- 2026/08/26 20:55 掲載
画像生成AIの学習GPU時間を最大63%削減、バイトダンスが新手法「DiffusionOPSD」公開
DiffusionOPSDの特徴は、AIが自分で生成した画像を使って、自分自身の学習方法を改善していく点にある。研究チームはこれを「オンポリシー自己蒸留」と呼んでいる。
画像生成AIで使われる拡散モデルは、最初は砂嵐のようなノイズから始め、それを少しずつ取り除きながら画像を完成させる。従来の学習方法では、主に完成した画像を見て「良い」「悪い」と評価していた。このため、画像を作っている途中で「次はどちらの方向に直せば、もっと良い画像になるのか」をモデルに教えるのが難しかったという。
DiffusionOPSDは、この「途中の段階」にも学習の手がかりを与え、現在のモデルが作った生成途中の状態について、評価用のAIである「報酬モデル」を使い、どちらへ修正すれば評価が上がるのかを判断する。その結果から「こちらへ進むと良い」「こちらは避けたほうがよい」という学習用の目標を作り、モデル自身に学ばせる。

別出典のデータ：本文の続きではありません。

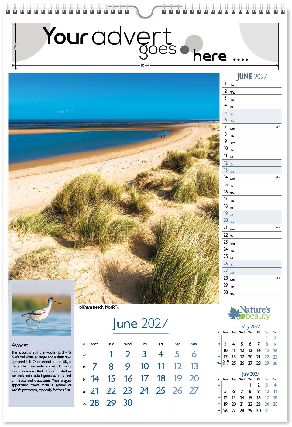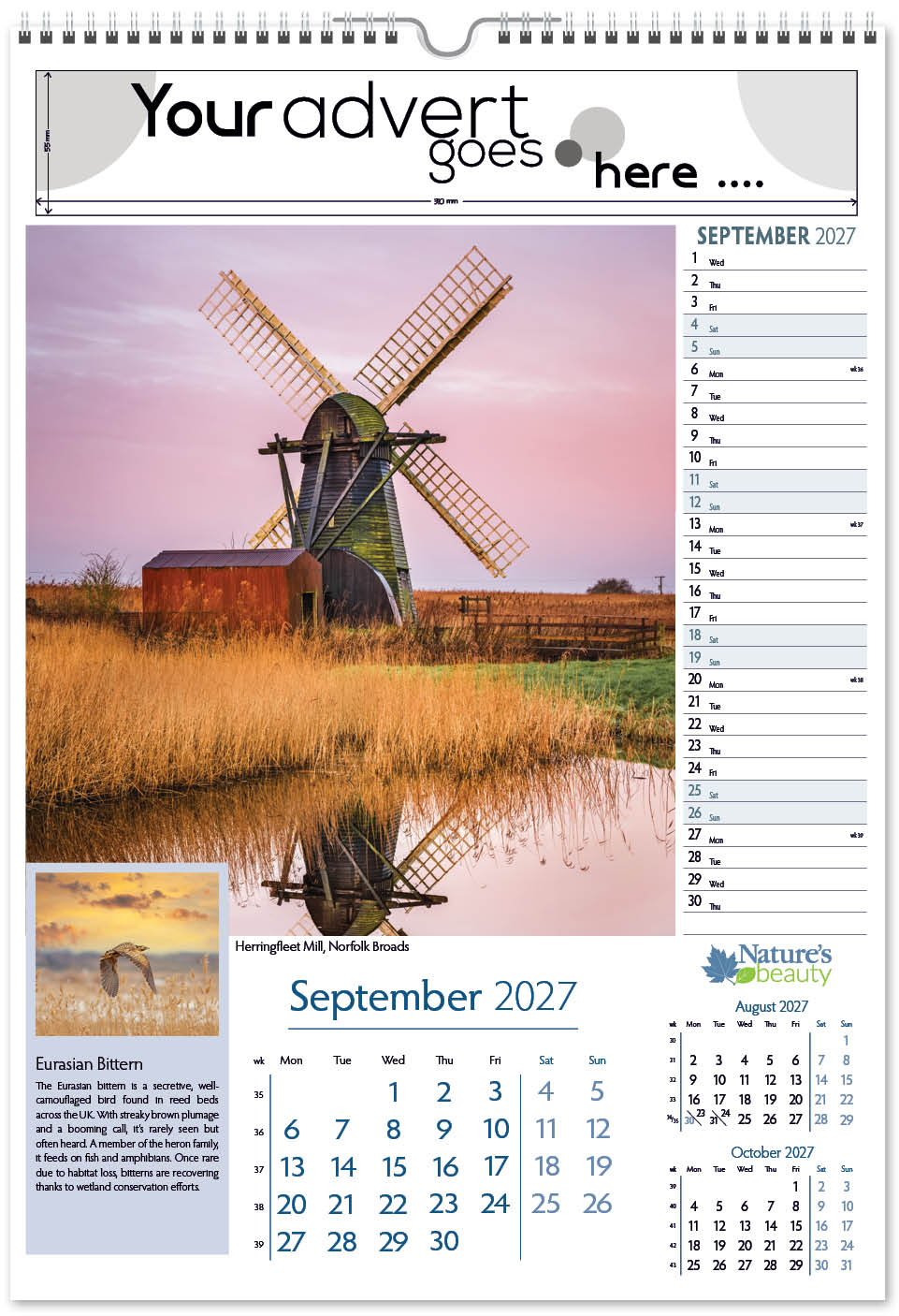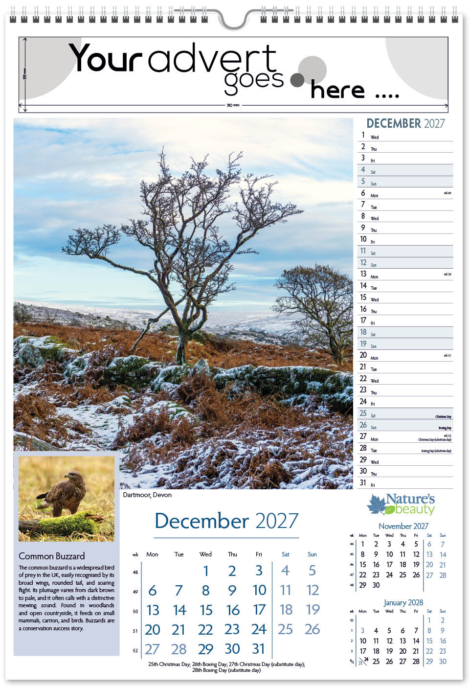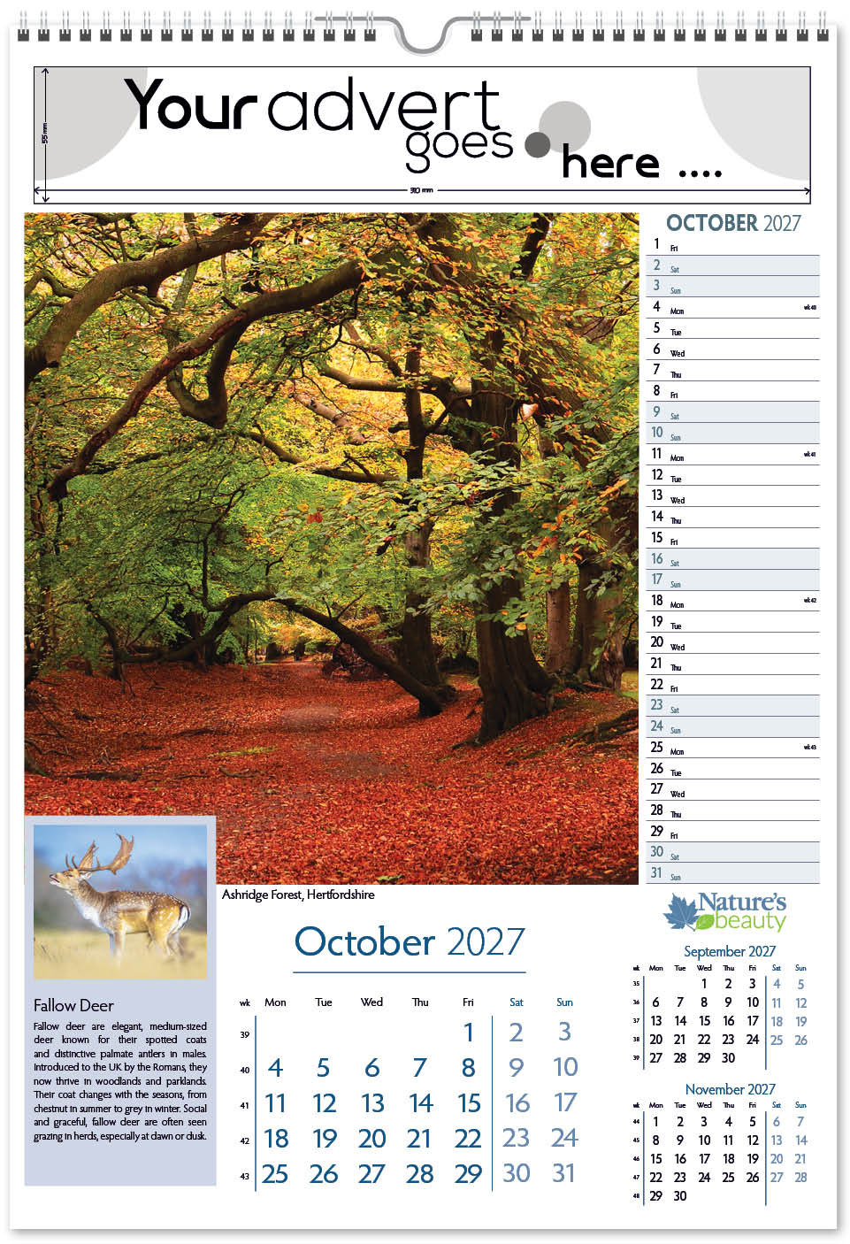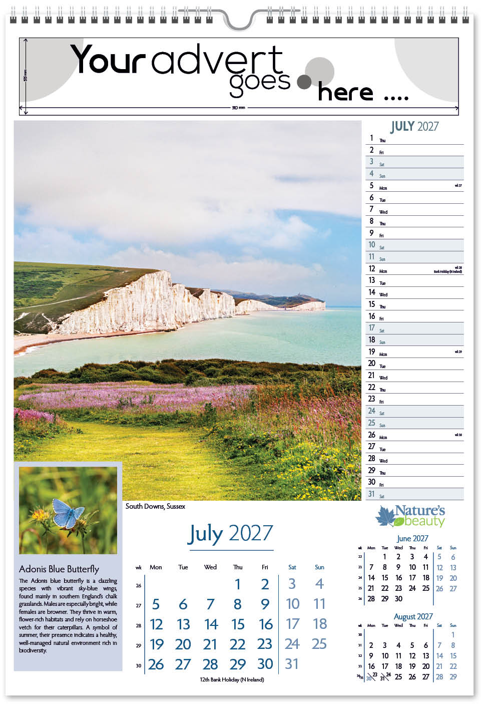 Each calendar comes with an advert section. It is this section that we replace with your personalised company advert that either we design for you, or you supply to us. This section can be seen on our range’s images titled “Your advert goes here”.

さらに、一度の学習結果だけに大きく左右されないよう、過去の学習結果も少しずつ取り込みながら次の学習に反映する。論文では「指数移動平均(EMA)」と呼ばれる方法を使っている。
つまり、完成した画像だけを採点するのではなく、画像を作っている途中でも「こっちへ進んだほうがいい」と教えるのがDiffusionOPSDの考え方だ。これによって、より少ない学習時間で画像生成AIの性能を高めることを狙う。
研究チームは、Stable Diffusion 3.5 Mediumを基にした「SD3.5-M」と、少ないステップで画像を生成する「Z-Image-Turbo」の2種類で性能を検証した。10種類の評価指標を使った計20の条件のうち、DiffusionOPSDは19条件で最も高い最終評価を記録した。最も性能の高かった既存手法と比べても、評価値は最大44.0%高かったとしている。実験結果はプロジェクトページでも公開している。
特に大きな差が出たのが学習時間だ。8基のGPUを使った実験では、SD3.5-Mを100回更新するために必要なGPU時間が、比較対象のDiffusionNFTでは47.2時間だったのに対し、DiffusionOPSDでは28.2時間と、約40%の削減に成功したという。
一方で、GPUを使う時間が63%減ったからといって、必要なコンピューター資源すべてが63%減るわけではない。Z-Image-Turboの実験では、ピーク時のGPUメモリー(VRAM)使用量は、DiffusionNFTの49.9GBに対し、DiffusionOPSDは61.5GBとむしろ増えた。
研究チームはコードもGitHubで公開。SD3.5-MやZ-Image-Turbo向けの学習済みデータも提供しており、1つの評価基準だけでなく、複数の基準を組み合わせて画像生成AIを改善する学習にも対応するという。
ただし、今回の数字は特定の画像生成モデルや評価方法、実験条件で得られた研究結果となる。商用の画像生成サービスでも学習費用が一律63%下がることを示したものではなく、論文も現時点では技術報告として公開された段階にある。
画像生成AIの高性能化に伴い、大量のGPUを使う学習コストは開発企業にとって大きな課題になっている。AIモデルをただ大型化するのではなく、「どう学習させれば、少ない時間で性能を高められるか」も重要になってきた。DiffusionOPSDは、画像生成AIの性能だけでなく、開発コストを下げる技術としても注目されそうだ。